Once the plan was set, I passed those instructions to Codex so it could focus on the coding with a level of precision that doesn’t usually happen when Claude works alone. I don’t have Python or py in Codex because I’d rather run it locally to see things. However, Codex runs in a sandboxed cloud environment and turns your abstract requirements into working code, so feel free to set it up how you’d like.

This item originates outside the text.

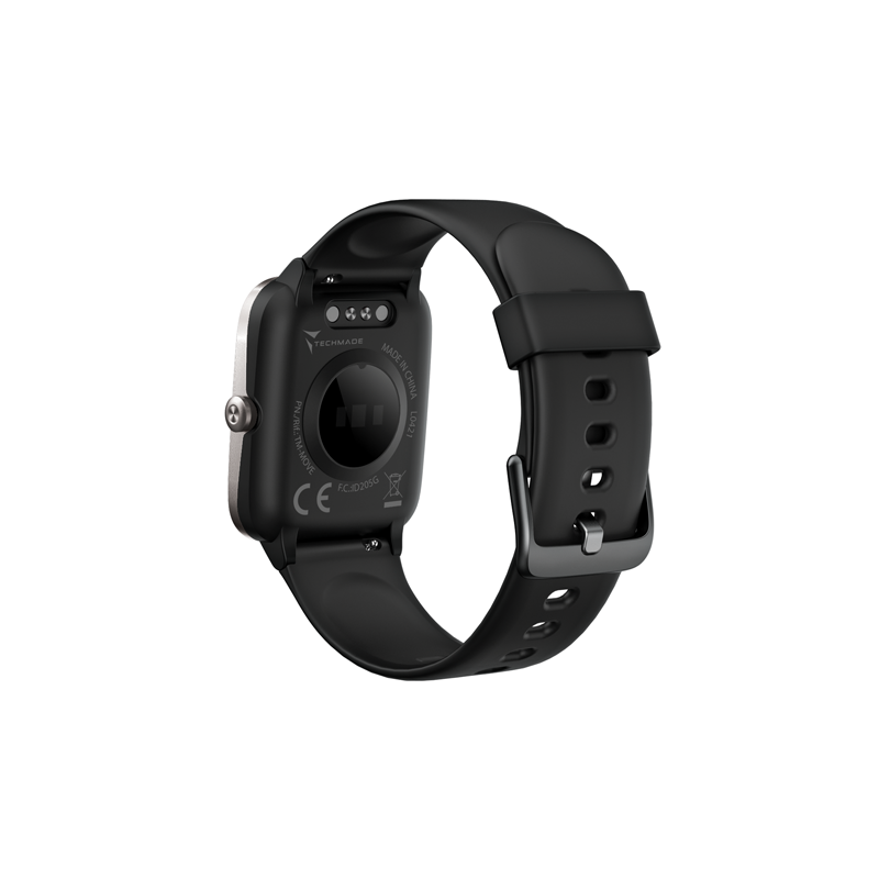 Orologio Unisex della marca Tech Made, il Meccanismo realtek8762dk permette le seguenti Funzioni: Avviso alla Chiamata. GPS, Conta Passi, Wrist sense, Conta Calorie, Distanza, Cronometro, Freq. Cardiaca, Pressione sanguigna, Ossigenazione, Timer, Sleep monitor, Sveglia, Sedentary reminder, Sport, Avviso bere, Music remote contol, Meteo,Comando Scatto Fotocamera, Ricerca smartphone, Sfondo personalizzabile. La distanza massima di comunicazione è 10 metri. La cassa è quadrata e misura 38 mm × 40 mm × 10.7 mm in resina nera. Il Display è 1.3” Color full touch. Il cinturino è in gomma nera, il vetro è minerale, la corona Logata è a pompaggio, la chiusura è placchetta di scorrimento, la resistenza all'acqua è IP68 paragonabile a un 3 ATM da NON tenere immerso per PIù di 30 minuti.

Codex took a little over 2 minutes per prompt, and I only gave it two, so it was very fast. Talking to Claude didn’t take very long either.
Then, I just went into the folder where the readme was and double-clicked the main file to open it. Be sure you have Python and any needed plugins before you do this. I use Python normally, so I didn’t have to install anything. I was done about ten minutes later, and it really was that easy.
I don’t recommend doing this with super complicated apps, since no AI, not even Antigravity, gets everything right. However, it is great for running simple apps that you don’t want to find, like screenshots, calculators, or even photo editors.
Two is better than one
The three biggest mistakes people make with AI are thinking it can do all the work for them, that it is great on its own and doesn’t need humans, and that one AI can do everything. AI is just a tool, and that can sometimes be fun, but it can lead to tragedy. Knowing the strengths and weaknesses of your tools will help you use them better. In this case, using two AIs can give you a brand new calculator app that replaces one that used to cost over $1,000 when I was in high school.